**Information**:
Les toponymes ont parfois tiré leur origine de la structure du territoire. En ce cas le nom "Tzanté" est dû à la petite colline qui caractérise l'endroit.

* * *

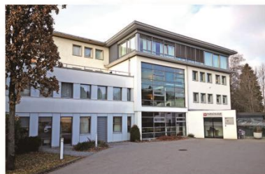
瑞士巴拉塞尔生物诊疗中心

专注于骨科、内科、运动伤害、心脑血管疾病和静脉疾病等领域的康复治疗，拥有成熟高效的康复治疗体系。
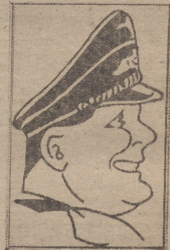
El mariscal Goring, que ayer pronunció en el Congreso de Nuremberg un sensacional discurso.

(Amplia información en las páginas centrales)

**What the task requires**:
Could you repeat exactly the lines in the listing above from the one with "El mariscal Goring, que" down to the one with "(Amplia información en las páginas centrales)"? Include both of those lines.

**Response box**:
El mariscal Goring, que ayer pronunció en el Congreso de Nuremberg un sensacional discurso.

(Amplia información en las páginas centrales)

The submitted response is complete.